Presiden Prabowo Subianto telah berhasil memperoleh sejumlah capaian positif melalui diplomasi ke sejumlah negara. Kantor Komunikasi Kepresidenan (Presidential Communication Office – PCO) menyatakan bahwa hasil dari kunjungan tersebut termasuk memorandum of understanding dan komitmen investasi dari beberapa negara. Tenaga Ahli Utama PCO, Philips J Vermonte, mengungkapkan bahwa ada 71 MoU dari 13 negara dan hampir Rp800 triliun komitmen investasi dari empat negara. Hal ini membuka peluang akses pasar yang baru bagi ekonomi Indonesia.

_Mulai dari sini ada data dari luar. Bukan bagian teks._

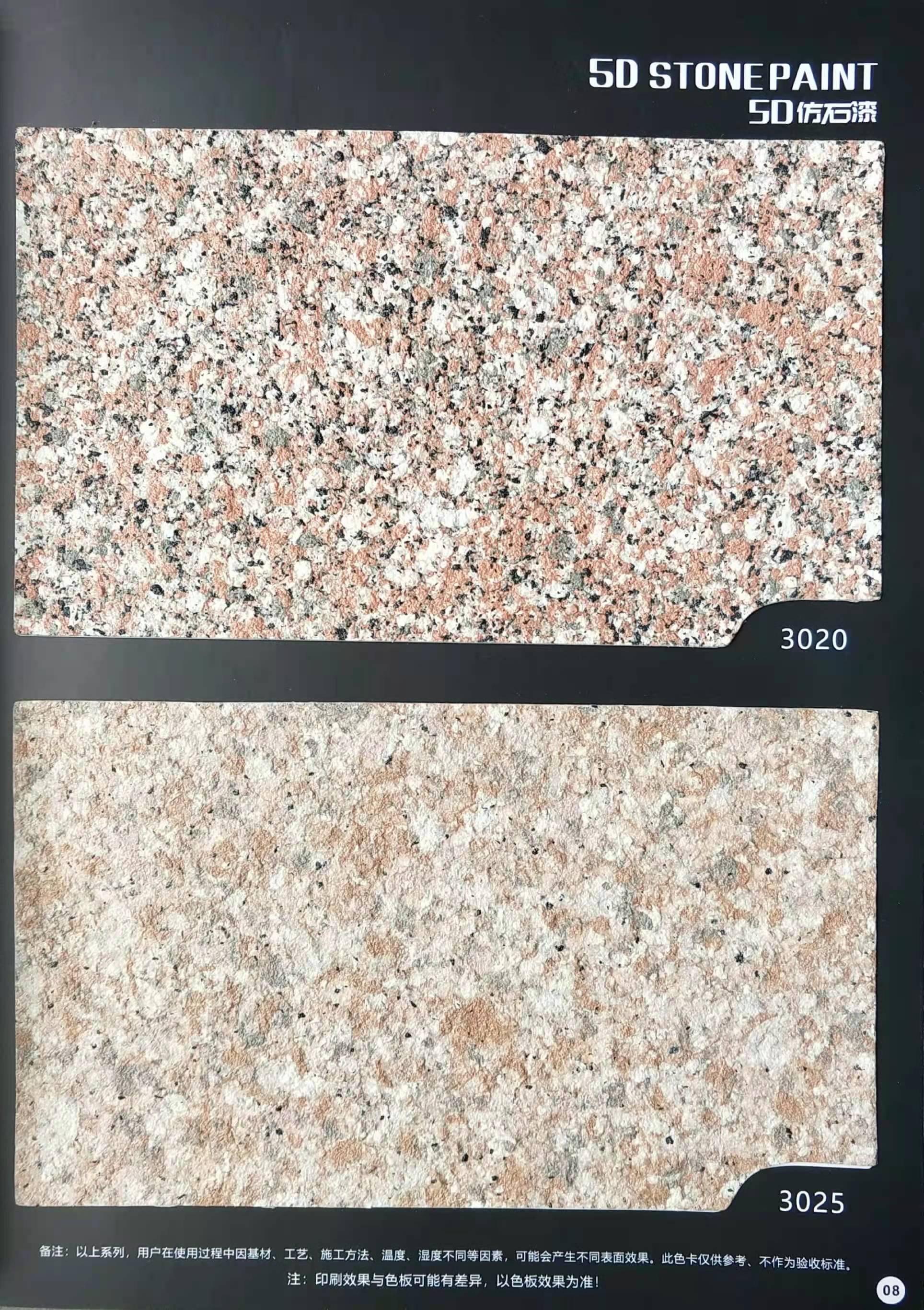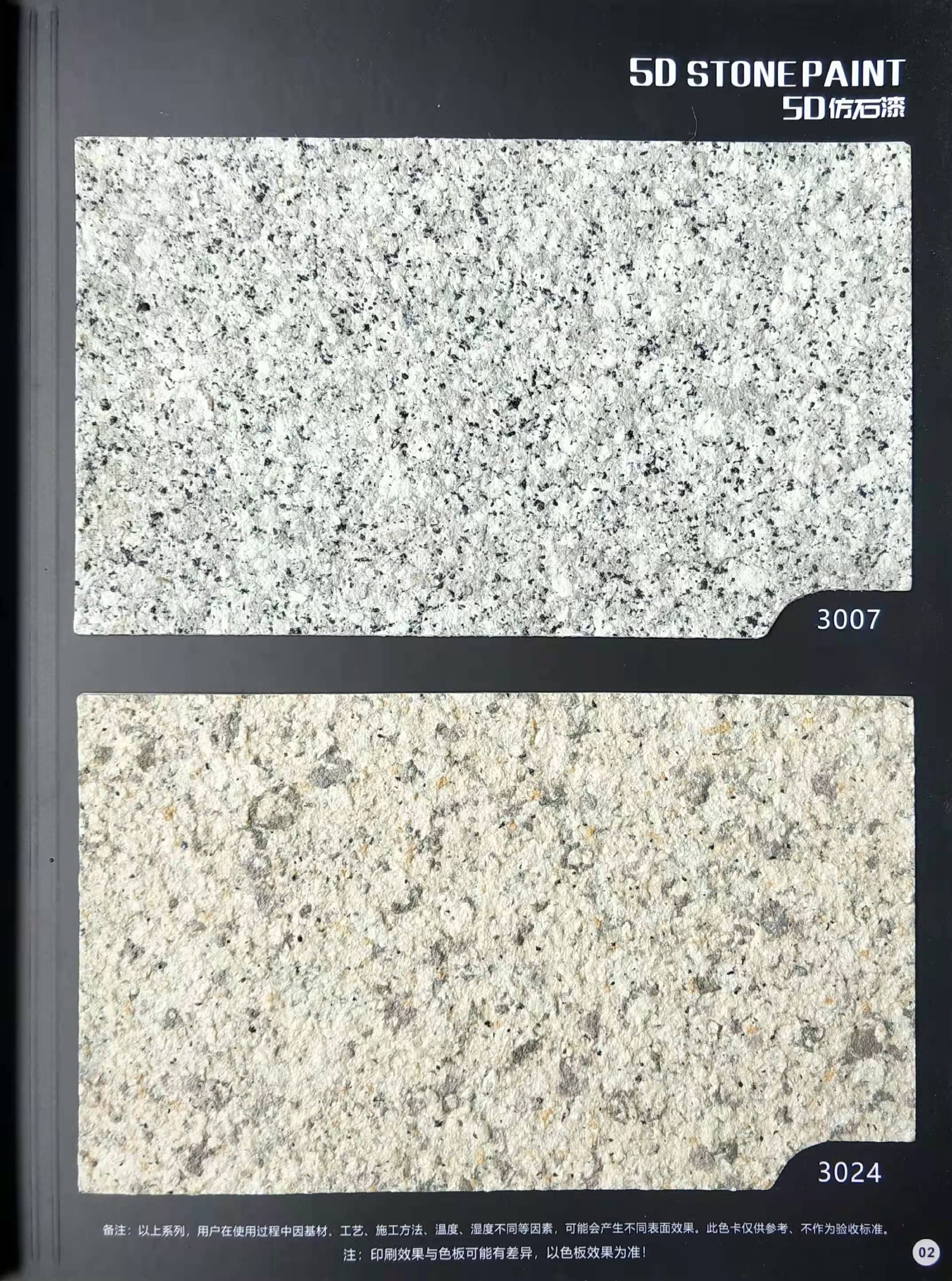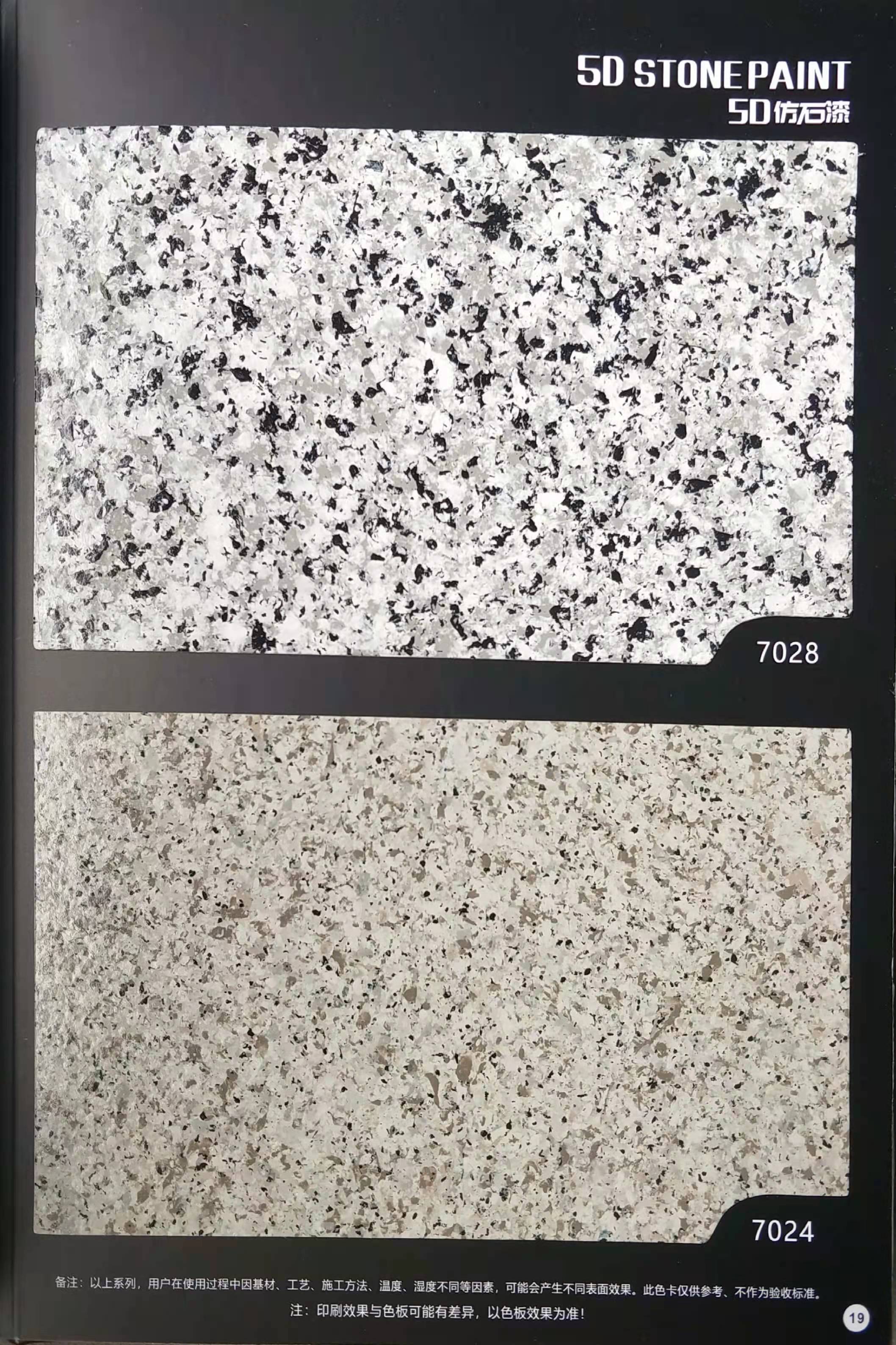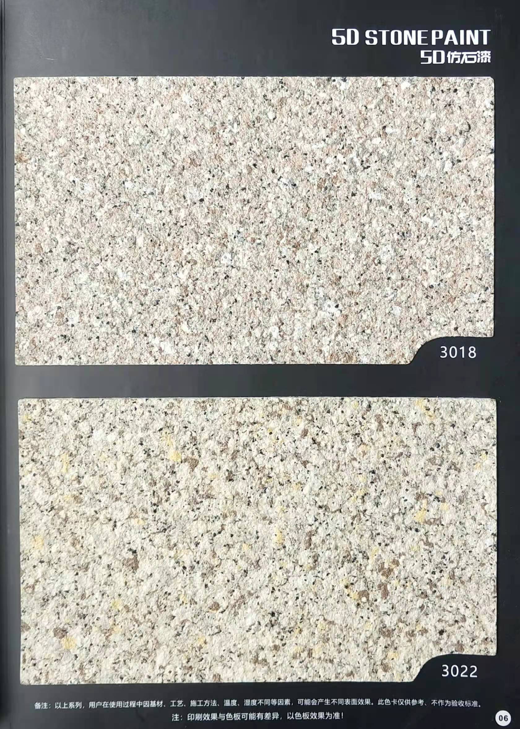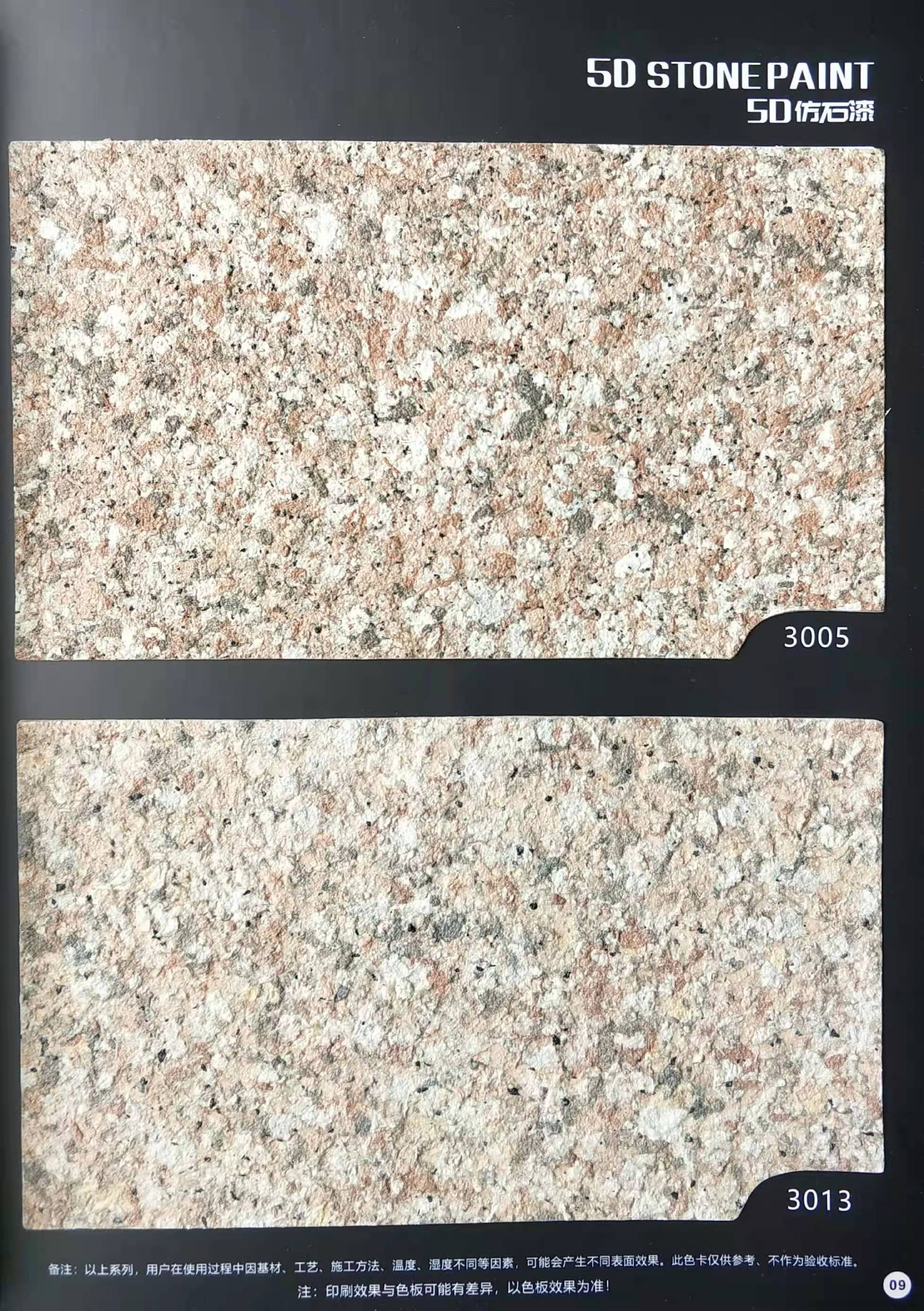 為方便市場客戶對(duì)5D仿石漆樣式的選擇,滿足消費(fèi)者對(duì)其產(chǎn)品效果的體現(xiàn),友情漆現(xiàn)在推出一套全方景立體式展現(xiàn),用不同色彩仿石漆組合裝飾出來的墻面效果圖冊(cè)。

Dalam sebuah diskusi di Retro Café Beltway Office Park, Jakarta, Philips menjelaskan bahwa masuknya Indonesia ke dalam organisasi internasional BRICS merupakan langkah tepat di tengah situasi ketidakpastian global. Bergabung dengan BRICS membantu meningkatkan hubungan baik dengan negara-negara besar seperti Rusia, China, dan India tanpa meninggalkan posisi non-blok Indonesia. Selain itu, Indonesia berhasil menurunkan tarif impor Amerika Serikat dari 32 persen menjadi 19 persen setelah negosiasi yang ketat dengan Presiden Trump.
Wakil Menteri Luar Negeri, Arif Havas Oegroseno, menegaskan bahwa Indonesia terus berupaya menurunkan tarif impor untuk meningkatkan kerjasama perdagangan. Indonesia juga memiliki kesepakatan tarif paling rendah di ASEAN, yakni sebesar 19%. Wamenlu menekankan pentingnya melihat angka-angka dan kepentingan nasional dalam diplomasi dagang, bukan terjebak pada asumsi dan perasaan. Masyarakat diminta untuk tidak khawatir dan membesar-besarkan persoalan ini, karena keputusan antarnegara didasarkan pada kepentingan masing-masing.